Neunmalneun wrote:It also works with the rule "if a cell has the candidates abc and ab leads to a you can eliminate a from this cell".


Tell me if I've got this rule correct -- Given a cell with the candidates [abc], if 'c' is eliminated and that leads to 'a', then the candidates can be reduced to [bc]? What is this rule called, why does it work and where is it explained?

Assuming R4C5=48 => R45C9=3 (uniqueness) => R9C5=5 => R9C8=3 =R4C8=8 => R4C5<>8.


I assume you mean r9c9 not r9c5. Simple typo, but then ...


This leads to a single 8 in R5C5



How so? I thought the point of this tactic was that if r4c5=[458] and [48] leads to [4] (which it does), then we can exclude [4] leaving [58]. That doesn't give me an 8 in r5c5. Is this a typo or a mistake or is the rule mistated? Double checking -- r4c5 is in fact '4'. Huh?


and a blocked 8 in R4C2.


Huh? What's a "blocked 8"? R4C2 is [39] -- it can't be an 8 by virtue of locked candidates in row 6. Typo? I'm lost -- so I really should pick apart the next one, cause I don't know what state the grid would be, but ...

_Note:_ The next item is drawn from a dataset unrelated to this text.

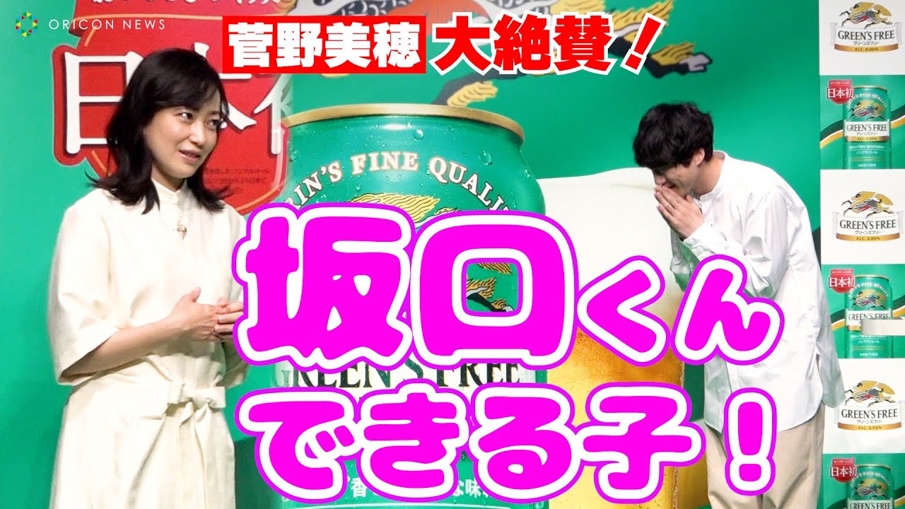 俳優の菅野美穂、坂口健太郎が22日、都内で行われたノンアルコール・ビールテイスト飲料『キリン グリーンズフリー』リニューアル発表会に参加した。
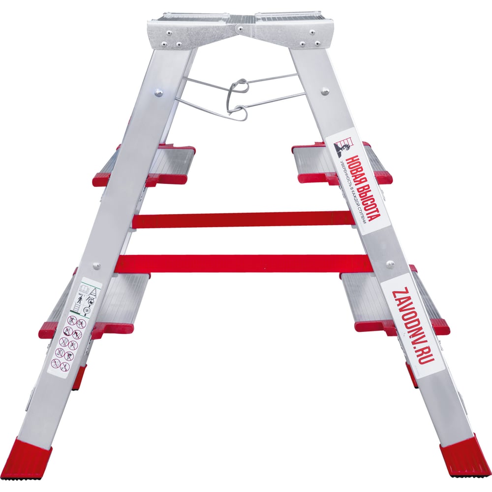 Профессиональная стремянка Новая Высота NV3127, 2x3 ступени 130 мм, площадка 350x260 мм, Max нагр. 225 кг, 2К башмаки, 3127203

Same technique once again: Assuming R1C3 is 18 => R6C3=3 => R4C2=9 => R5C1=4 => R5C9=3 => R2C9=8 => R2C3=1 which solves the rest.


Ok, though (R6C3=3 => R4C2=9 => R5C1=4) is not true, ((R6C3=3 AND R4C2=9) => R5C1=4) is. But I suppose that's nitpicking. But then you left out r5c9=3 => r9c9=5. Another nitpick. But THEN ... you close with "r2c3=1 which solve the rest"! What the heck does *that* mean? I According to the rule you gave, that means that since r1c3 was [138] and [18] lead [8], then r1c3 is actually [13] -- which it is. But that hardly solves the puzzle. I see no justification for the leap to r2c3=1 yet.

I wouldn't have listed all these little things -- Iv'e maid plenty of tyops myself -- it's just that I'm not sure were the *big* thing is.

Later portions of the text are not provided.